**What you will do**
Images are to be dropped, and the rest of the data reproduced exactly.

**Data provided**
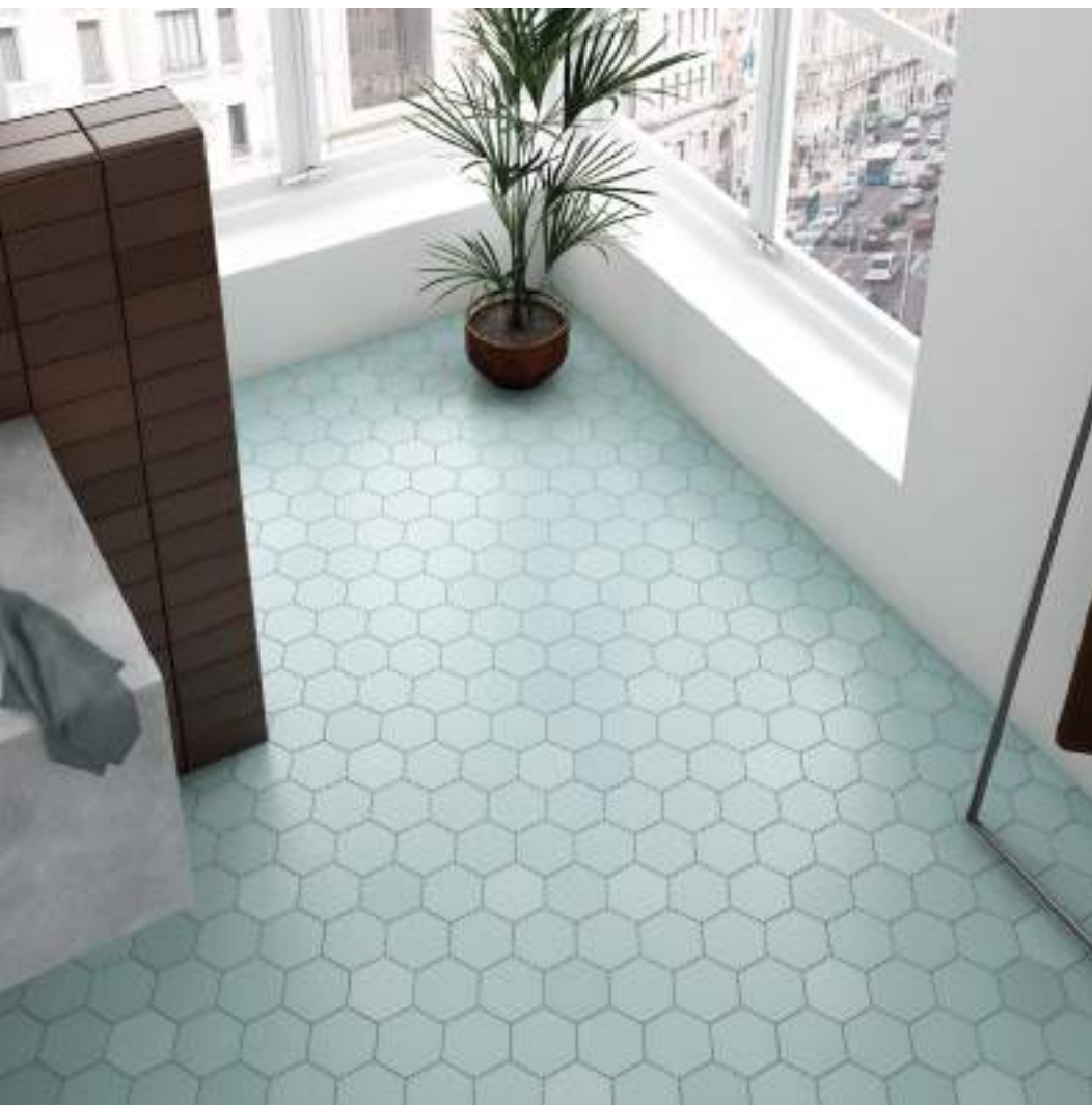
Kromatika Blue Clair 11,6 x 10,1 cm / 4½" x 4"
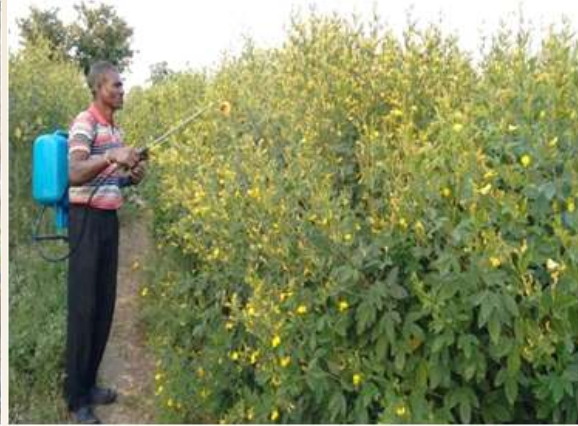
Plant protection measures
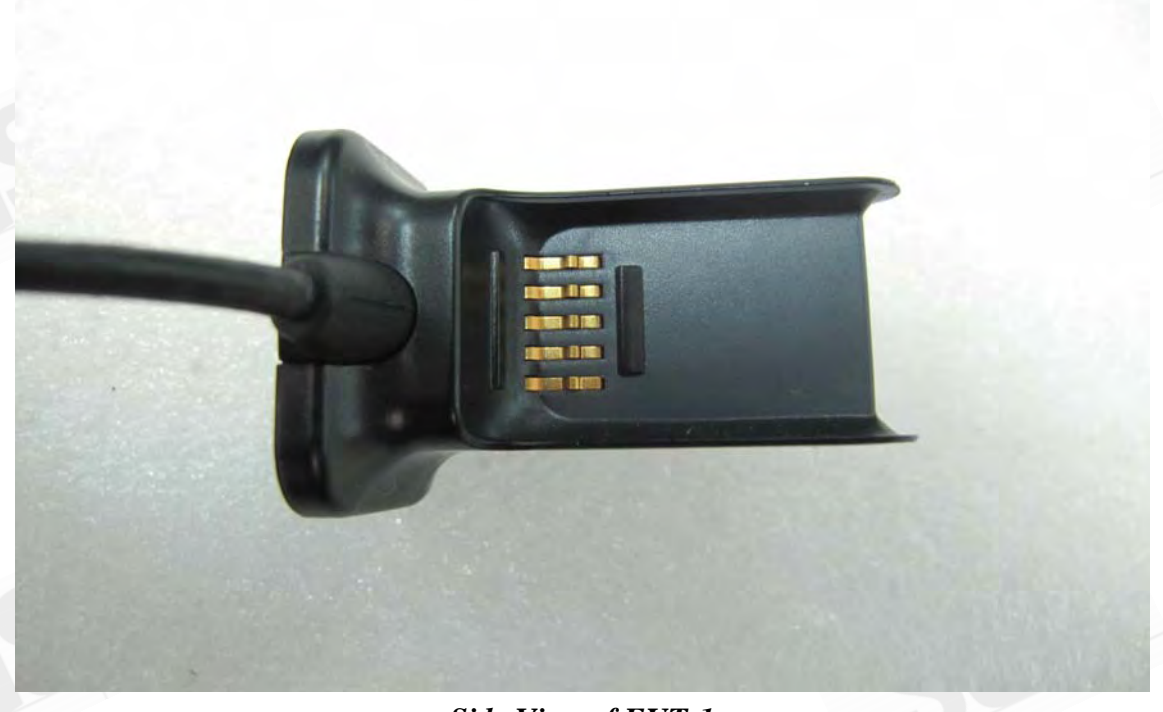
Side View of EUT-1

**Answer to the exercise**
Kromatika Blue Clair 11,6 x 10,1 cm / 4½" x 4"
Plant protection measures
Side View of EUT-1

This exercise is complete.